I’ve been following Yelp in the news for quite a while now. In particular, their Alexa stats have been impressive to watch. As an aside, Alexa stats are really interesting to follow, particularly in the 1000 to 5000 range. That’s when sites reach a critical mass of typically more than a million pageviews per month – some internally modeling we’ve done at work shows that 4500 is about the magic number for 30 million pageviews/month. That’s the "up and coming" group of sites.
Anyway, Yelp will be very easy to monetize. In fact, in my opinion, it’s a textbook play for high-value direct response advertising. The reason is that, like search, review sites are only used when people are going through some sort of purchasing cycle. And sites like these (Zillow being another example) monetize very well because they are capturing this intent and can funnel leads to other websites in a manner that results in high conversion rates.

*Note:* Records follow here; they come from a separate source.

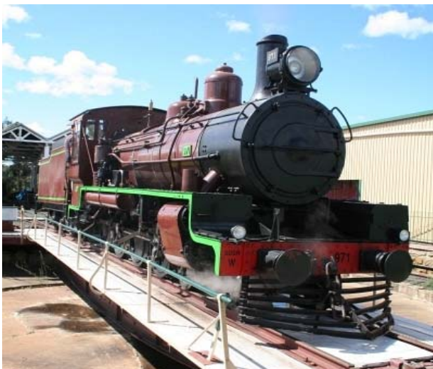
C17 971 stands on the turntable at Warwick on Saturday 8 September during the ATRO AGM meeting hosted by SDSR.
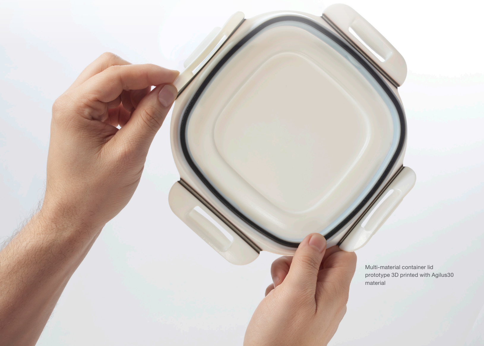
Multi-material container lid prototype 3D printed with Agilus30 material

And if you need full color capabilities down the line, the J850 Pro can easily be upgraded into J850™ Prime .
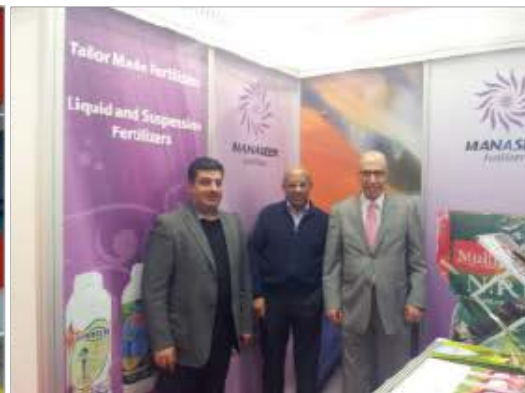
IPM ESSEN Germany 2012
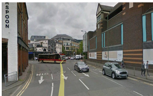
Guildford gyratory – Onslow Street 30,000 vehicles / day One-way traffic on four lanes Difficult to cross and narrow pavements Highway clutter (Many) unattractive frontages
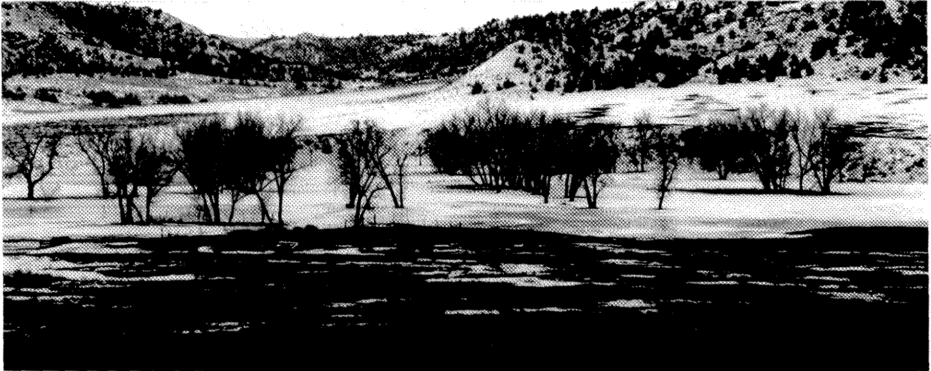
EXHIBIT 1-A - Winter flooding of CBM water caused by ice jams

Spotted Horse Creek Campbell County, Wyoming January 25, 2001
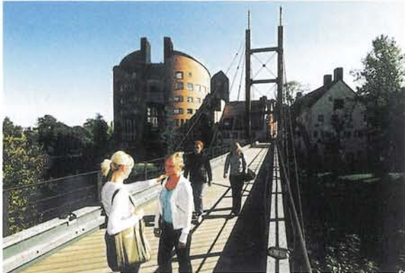
Campus at Mid-Sweden University in Sundsvall

Ever since SiTek invented and commercialised the modern PSD 28 years ago we have been known as the leader in PSD development. We have now further intensified our development efforts by starting a cooperation with the Electronics Design Division at Mid-Sweden University in
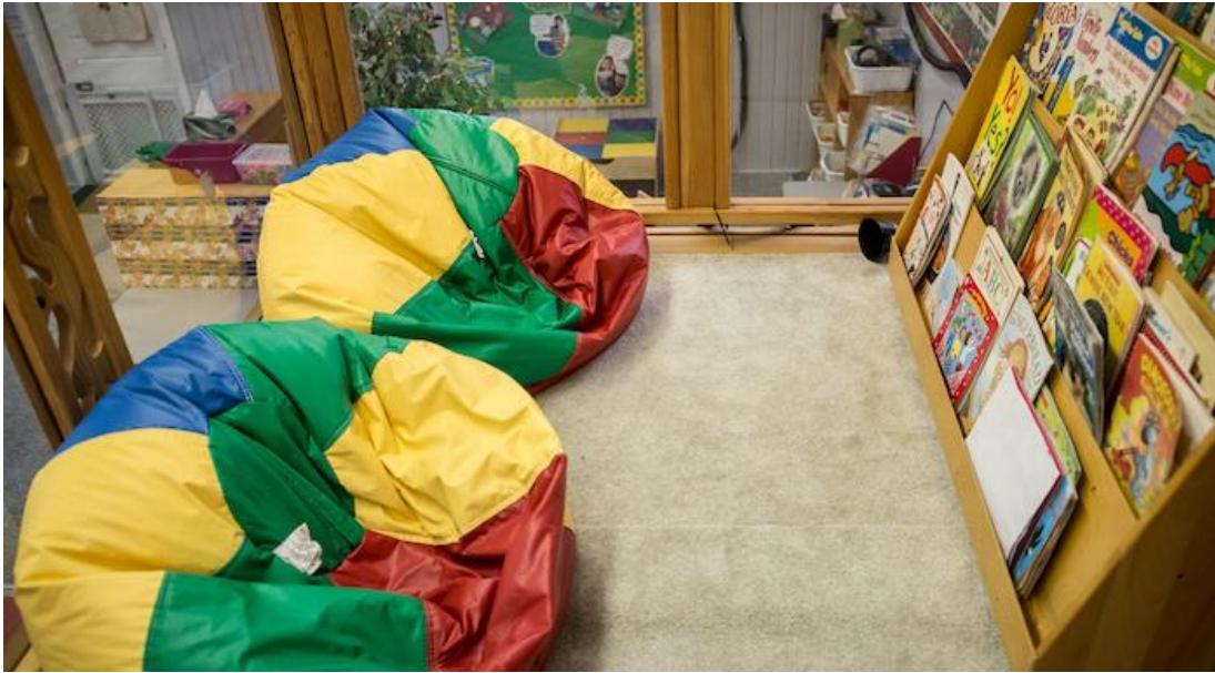
Reading loft, designed, paid for, and built by parents.
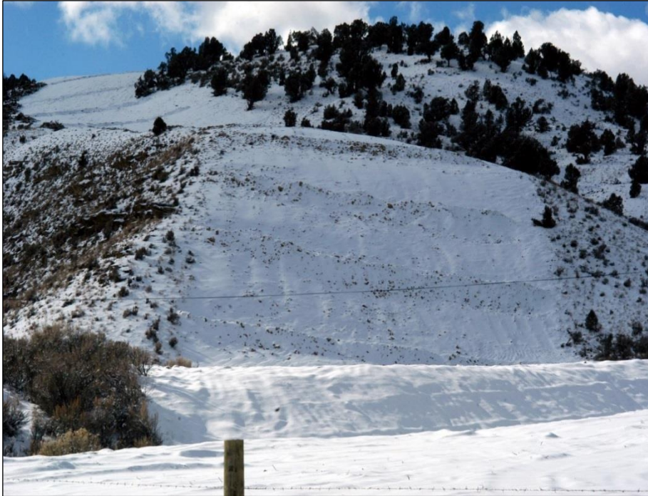
Right-of-Way Stabilized for Winter

Whether restoration is completed under frozen conditions or delayed until the spring or summer period, the right-of-way will require stabilization prior to the spring thaw. Seed intended for site stabilization or restoration will not germinate under frozen conditions, and therefore Companies should plan for alternative methods of site stabilization prior to the first spring rains (see Section 7.0, Temporary Erosion and Sediment
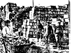
Leading prisoners of war in the Trossenau camp carrying material for the making of munitions near
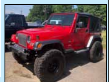
'04 Jeep Wrangler Columbia Edition 4X4, 5 Speed, Lift Kit! Stk#735C
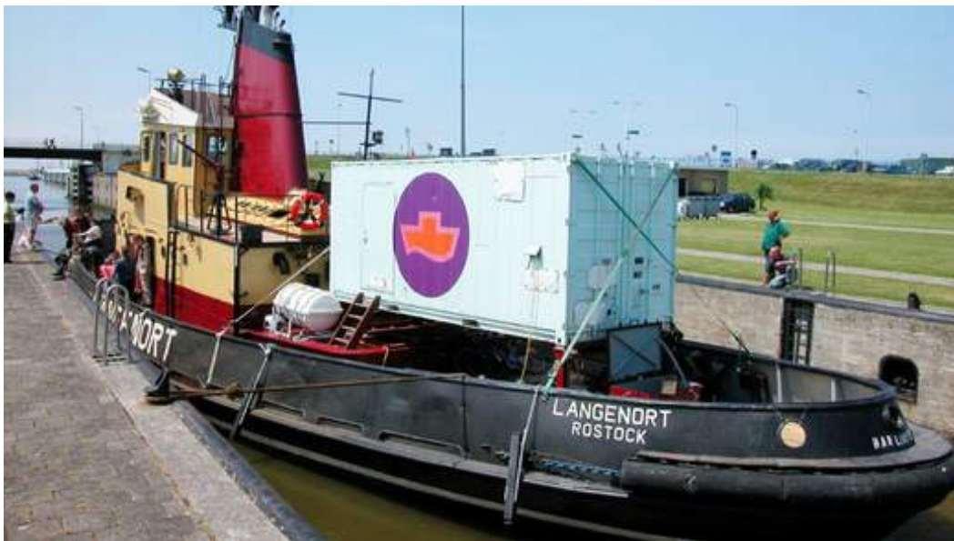
The Langenort during an earlier visit to Poland

The Dutch group Women on Waves is being refused entry in what is its first visit to a Muslim country.
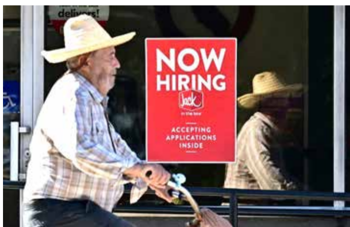
A cyclist rides past a "Now Hiring" sign posted on a business storefront in San Gabriel, California

In Europe, Paris finished flat while London and Frankfurt were in the green but not as strong as earlier in the day when key surveys showed business ac-
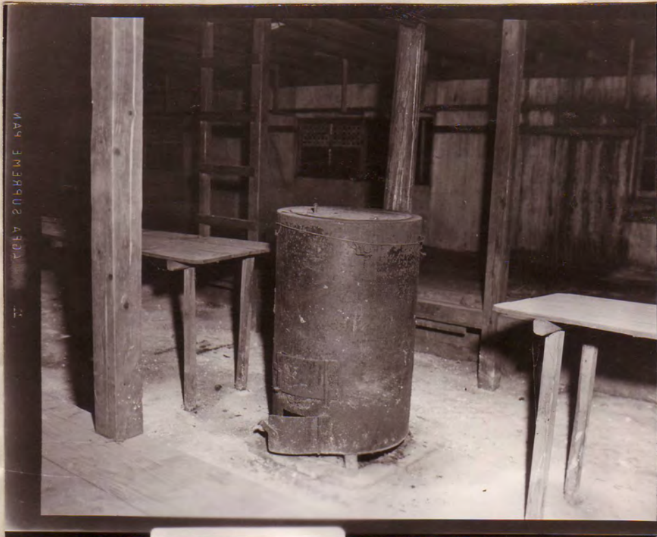
Photograph of the Barracks Heating System at P.O.W. Nagoya Sub-Camp #2, Narumi.
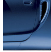
Spectra Blue Mica with Black fabric or Black leather interior
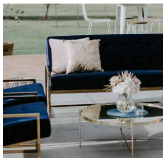
Navy Velvet Lounge set @ $350 2x velvet lounge 3 seater, 1 ottoman, 1 golden coffee table)
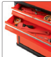
drawers on guides with ball bearings
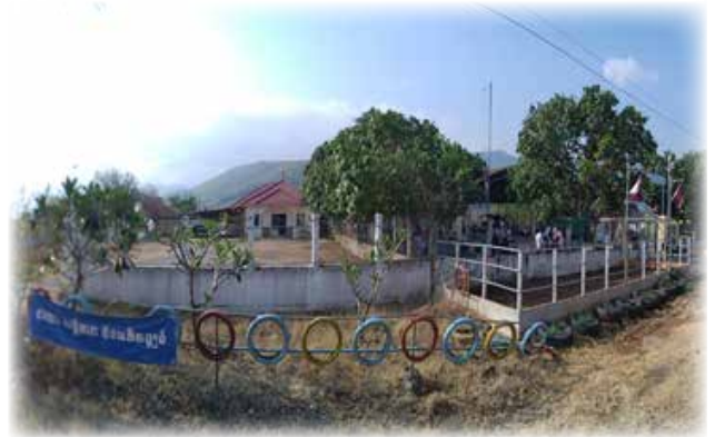
External View of Pailin Church & Primary School
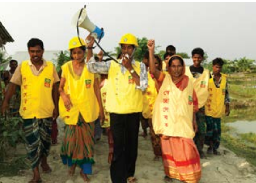
(Bangladesh)

More widely, there has been great success in alleviating poverty in the last 50 years, mainly through economic growth, yet it has been at a high cost to the planet and has caused inequality to rise. We believe it is possible to lift people out of poverty in a way, which does not cost the earth and lasts for generations to come.
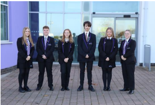
Y11 Leadership Team
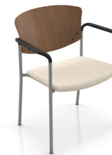
1904 With arms 20 lbs
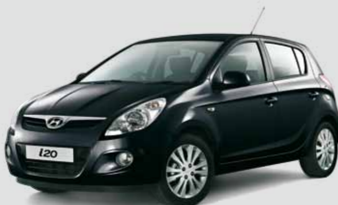
Black Diamond (Mica)
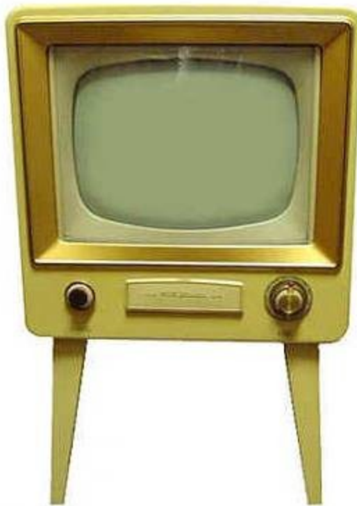
RCA 17S351 1954
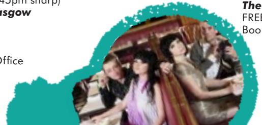
Sons and Daughters

Sat 11, 3pm – 5pm The Steps Theatre, Dundee FREE (Booking essential) Booking: Littlewing 01382 305741
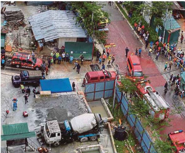
Fire and Rescue Department personnel arriving at the scene in Taman Desa, Kuala Lumpur, on Friday.
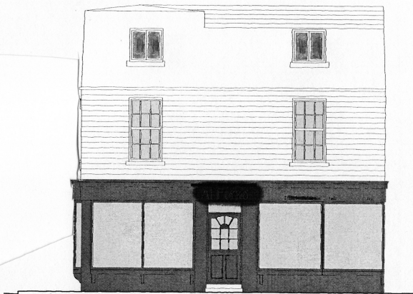
Existing Front Elevation (North)
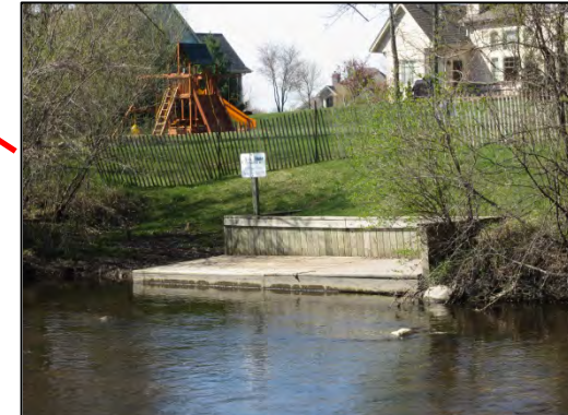
Cedar Creek Farms Canoe Take-out

The main changes I’d make to the site – they need to focus more on organic search indexing. So all the URLs should list the titles of the reviews. That’s a huge part of the strategy, to make sure they get high ranked pages in all the search engines – if they don’t have people specifically to guide strategy around this, they are missing out. Then secondly, they need to figure out how to monetize these users in the backend. Throwing up text ads is probably one idea – they probably want to cut a special deal with Google to pass them specific context to finely target the ads – or they can hook into a pay-per-call company that charges these businesses by dynamically rewriting an 800 number that reroutes to the company.
Either way, it’s clear that Yelp is a company to watch – not only will they have the Web 2.0 hipness and audience to match, I predict they will have strong revenue traction. If they don’t turn out to be a multi-hundred million dollar acquisition or better, I’d be disappointed.